*EXERCISE BRIEF*. Please return the records below exactly as they appear, leaving every picture out.

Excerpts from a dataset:
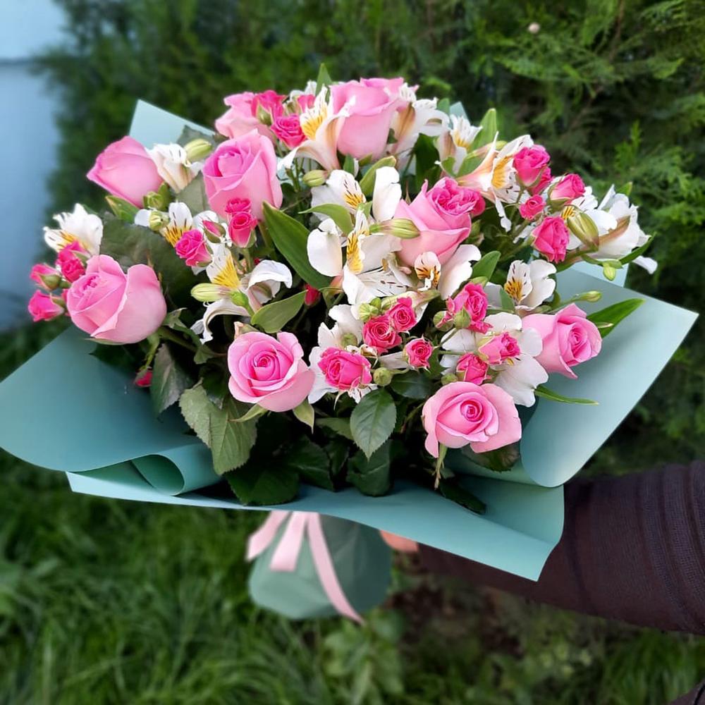 Чудесный букет из розовых роз, белых альстромерий и розовых кустовых роз в стильном оформлении.
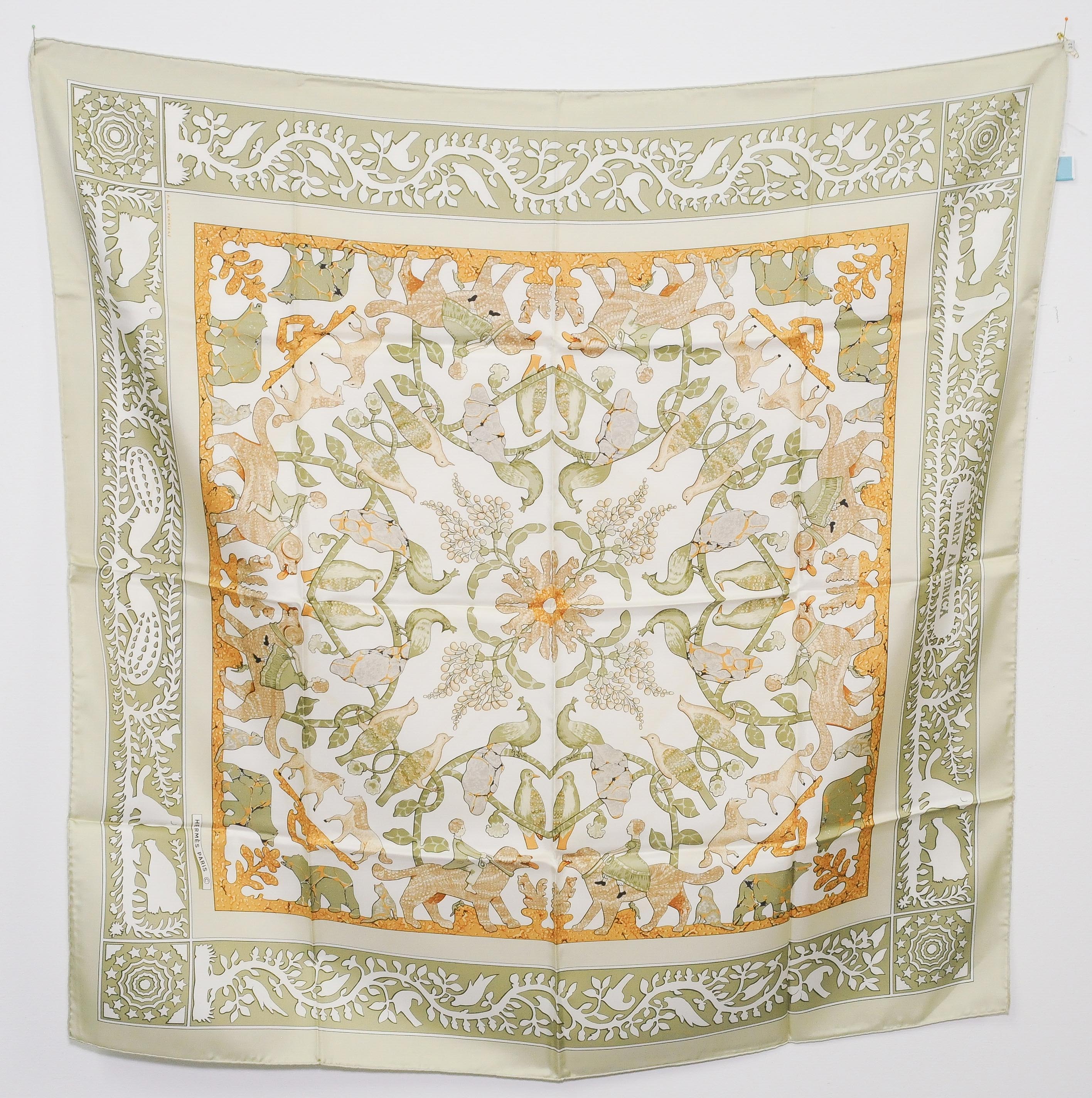 Seide. In Weissgrün. 89x89 cm. Guter Zustand.
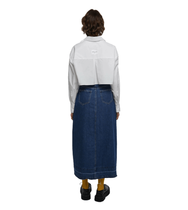 رنگ جین کلاسیک و طراحی همیشگی این دامن، ست کردن آن را با انواع تاپ، بلوز و کفش آسان می کند و به شما امکان می دهد مجموعه های شیک بی پایانی ایجاد کنید. فرقی نمیکند ظاهری آرام را با یک تی شرت و کفشهای کتانی گرافیکی ترجیح میدهید یا یک مجموعه شیکتر با بلوز و کفش پاشنهدار، این دامن بدون زحمت با استایل شما سازگار میشود.
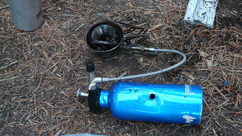 Als ich am Morgen nach dem rechten sehe, liegt die Plastiktüte zerfetzt auf dem Waldboden, die daranhängende Metallflasche trägt deutliche Bissspuren und ist ausgelaufen. Mehrere Plastikwasserflaschen sind kaputtgebissen. Hier hat ein vom Benzingeruch anglockter Bär sein Unwesen getrieben. Damit hatten wir nicht gerechnet. Zum Glück ist die Reserveflasche unversehrt, denn ohne Brennstoff hätten wir die Tour schon früh abbrechen müssen.
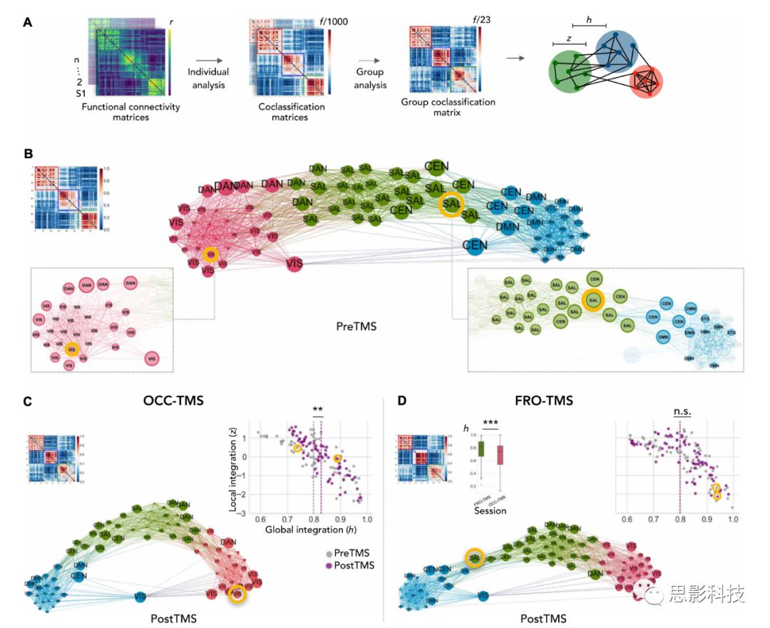 (B)左:群組平均的共分類矩陣,中:preTMS拓撲表征。高共分類值的節(jié)點彼此接近,節(jié)點大小用h表示。節(jié)點顏色表示模塊化從屬關(guān)系。OCC-TMS (C)和FRO-TMS(D)后的群組平均的共分類矩陣、拓撲表征,OCC-TMS增加了OCC及全腦的功能整合。
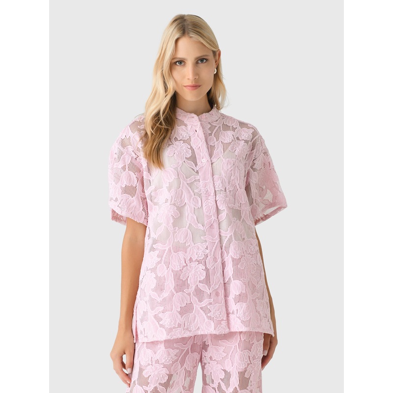 This shirt effortlessly combines relaxed elegance with sophisticated details. Designed for a comfortable oversized fit, it features a distinguished mandarin collar and a sleek button-front closure. Delicate lace-embellished embroideries provide a unique touch of grace.
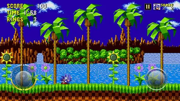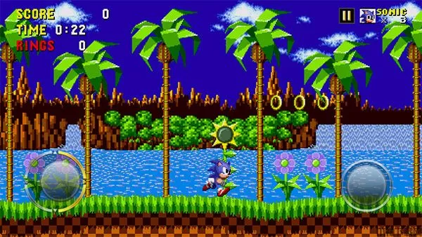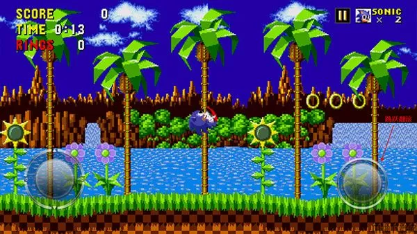 1、在本站下载安装好刺猬索尼克手游正版,进入后左下角按钮左右滑动控制索尼克移动向左向右跑。
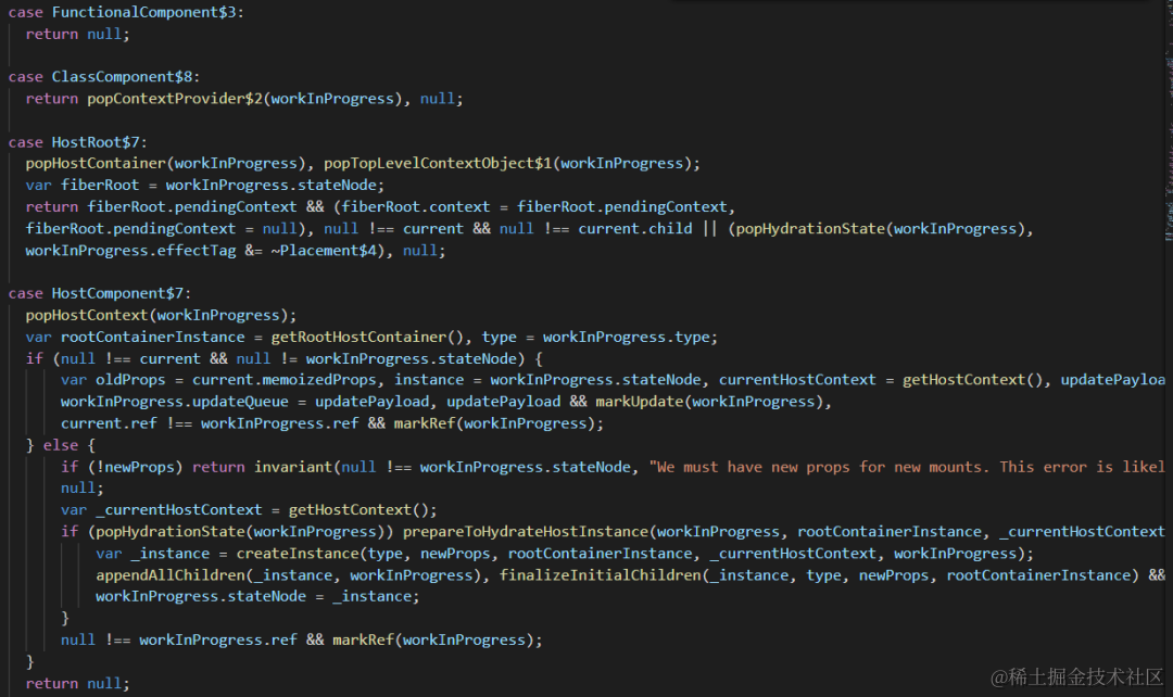 在处理节点过程中,如果遇到节点的子节点为空,那么就会调用completeUnitOfWork函数。该函数根据节点类型进行相应处理:

*WRITTEN ANSWER*.
 Чудесный букет из розовых роз, белых альстромерий и розовых кустовых роз в стильном оформлении.
 Seide. In Weissgrün. 89x89 cm. Guter Zustand.
 رنگ جین کلاسیک و طراحی همیشگی این دامن، ست کردن آن را با انواع تاپ، بلوز و کفش آسان می کند و به شما امکان می دهد مجموعه های شیک بی پایانی ایجاد کنید. فرقی نمیکند ظاهری آرام را با یک تی شرت و کفشهای کتانی گرافیکی ترجیح میدهید یا یک مجموعه شیکتر با بلوز و کفش پاشنهدار، این دامن بدون زحمت با استایل شما سازگار میشود.
 Als ich am Morgen nach dem rechten sehe, liegt die Plastiktüte zerfetzt auf dem Waldboden, die daranhängende Metallflasche trägt deutliche Bissspuren und ist ausgelaufen. Mehrere Plastikwasserflaschen sind kaputtgebissen. Hier hat ein vom Benzingeruch anglockter Bär sein Unwesen getrieben. Damit hatten wir nicht gerechnet. Zum Glück ist die Reserveflasche unversehrt, denn ohne Brennstoff hätten wir die Tour schon früh abbrechen müssen.
 (B)左:群組平均的共分類矩陣,中:preTMS拓撲表征。高共分類值的節(jié)點彼此接近,節(jié)點大小用h表示。節(jié)點顏色表示模塊化從屬關(guān)系。OCC-TMS (C)和FRO-TMS(D)后的群組平均的共分類矩陣、拓撲表征,OCC-TMS增加了OCC及全腦的功能整合。
 This shirt effortlessly combines relaxed elegance with sophisticated details. Designed for a comfortable oversized fit, it features a distinguished mandarin collar and a sleek button-front closure. Delicate lace-embellished embroideries provide a unique touch of grace.
 1、在本站下载安装好刺猬索尼克手游正版,进入后左下角按钮左右滑动控制索尼克移动向左向右跑。
 在处理节点过程中,如果遇到节点的子节点为空,那么就会调用completeUnitOfWork函数。该函数根据节点类型进行相应处理:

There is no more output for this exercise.